→ PROBLEM: All the data below goes into the copy word for word, but the pictures don't.

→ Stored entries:
++++++++

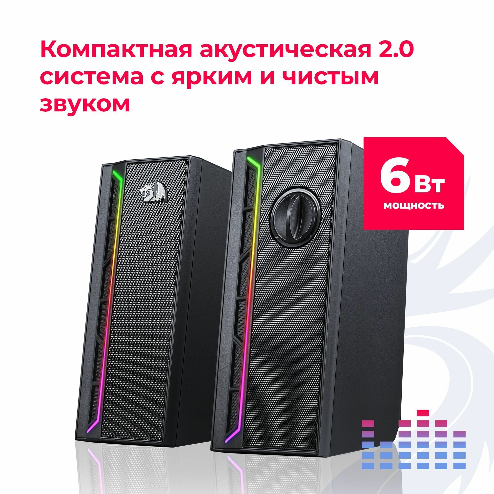 Redragon Акустическая 2.0 система Calliope черн,6Вт, RGB, USB+3.5мм
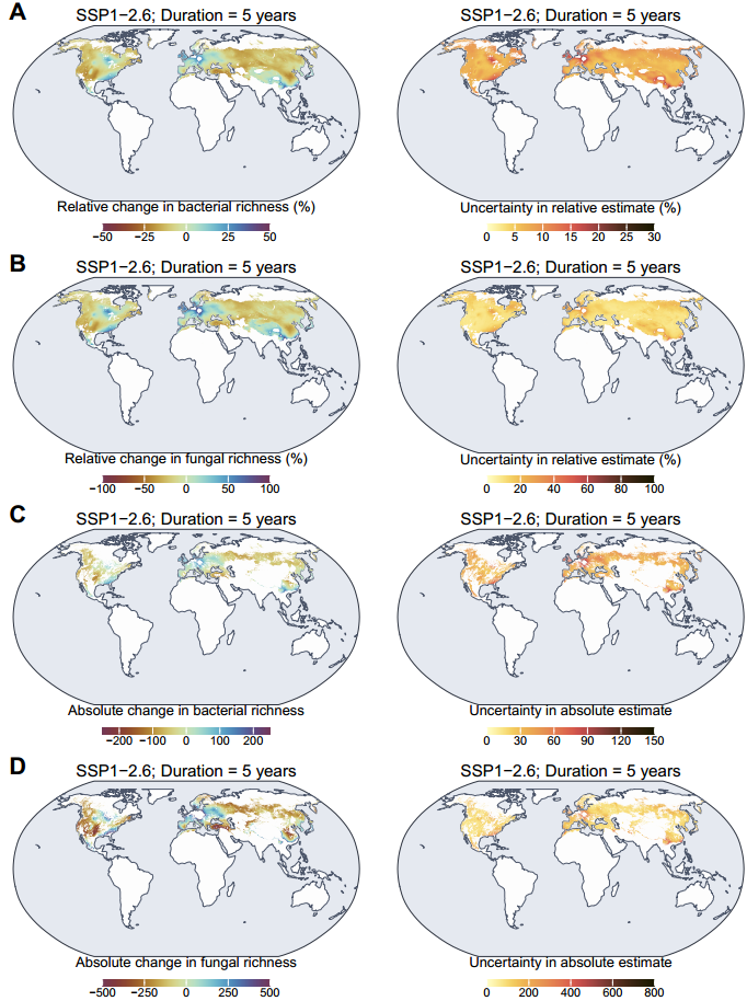 本研究预测了气候变暖和潜在变化,将“气候变暖”这个抽象概念,转化为具体的时间表、具体的数字和具体的地图,在SSP1-2.6情景下,气候变暖导致土壤细菌丰富度在1年和5年后分别下降2.8%和6.7%,土壤真菌丰富度分别下降4.0%和8.9%。研究明确指出了中亚和南美洲西部是微生物多样性下降的“重灾区”,其土壤微生物多样性下降最为明显,而我国青藏高原、西欧和南美洲东部则略有上升。
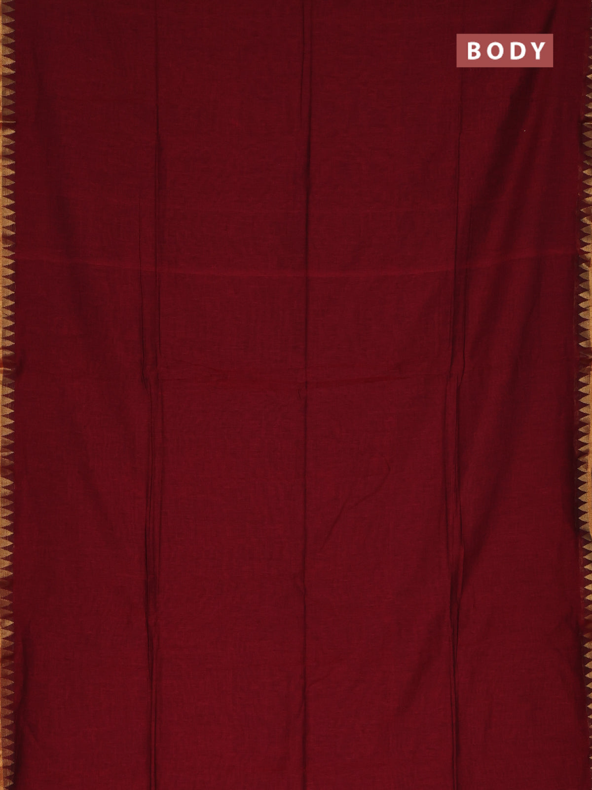 Bengal soft cotton saree maroon and green with plain body and zari woven border
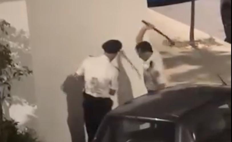 ويظهر في شريط الفيديو عنصران من الشرطة بزيهما الرسمي وهما يعتديان بالضرب على مواطن في الشارع العام، وسط صرخاته طلباً للكف عن ضربه.
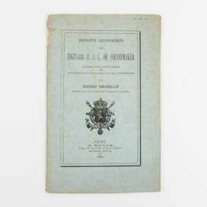 Guido Gezelle - Beknopte levensschets van Ingenaas-H.-J.-L. De Coussemaeker. Gent, A. Siffer, 1891. 8vo. 26 gen.pp. Ingenaaid onder orig. omslag. Rug bovenaan licht beschadigd. Met handgeschreven opdracht van Gezelle bovenaan het voorplat 'v.d.s.'...
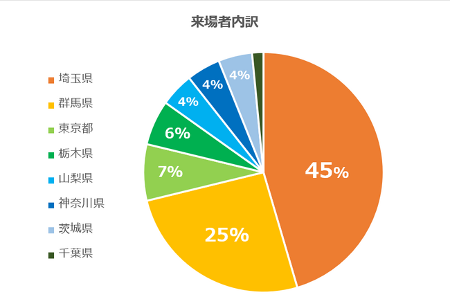 埼玉(45%)、群馬(25%)、東京(7%)、栃木(6%)であった。
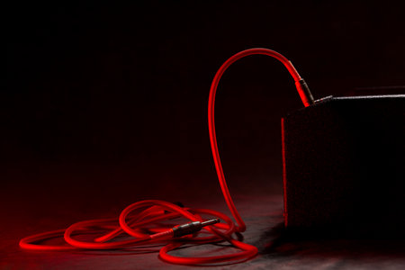 jack cable plugged into amp for concert prep and backstage setup

++++++++

→ RESPONSE:
 Redragon Акустическая 2.0 система Calliope черн,6Вт, RGB, USB+3.5мм
 本研究预测了气候变暖和潜在变化,将“气候变暖”这个抽象概念,转化为具体的时间表、具体的数字和具体的地图,在SSP1-2.6情景下,气候变暖导致土壤细菌丰富度在1年和5年后分别下降2.8%和6.7%,土壤真菌丰富度分别下降4.0%和8.9%。研究明确指出了中亚和南美洲西部是微生物多样性下降的“重灾区”,其土壤微生物多样性下降最为明显,而我国青藏高原、西欧和南美洲东部则略有上升。
 Bengal soft cotton saree maroon and green with plain body and zari woven border
 ويظهر في شريط الفيديو عنصران من الشرطة بزيهما الرسمي وهما يعتديان بالضرب على مواطن في الشارع العام، وسط صرخاته طلباً للكف عن ضربه.
 Guido Gezelle - Beknopte levensschets van Ingenaas-H.-J.-L. De Coussemaeker. Gent, A. Siffer, 1891. 8vo. 26 gen.pp. Ingenaaid onder orig. omslag. Rug bovenaan licht beschadigd. Met handgeschreven opdracht van Gezelle bovenaan het voorplat 'v.d.s.'...
 埼玉(45%)、群馬(25%)、東京(7%)、栃木(6%)であった。
 jack cable plugged into amp for concert prep and backstage setup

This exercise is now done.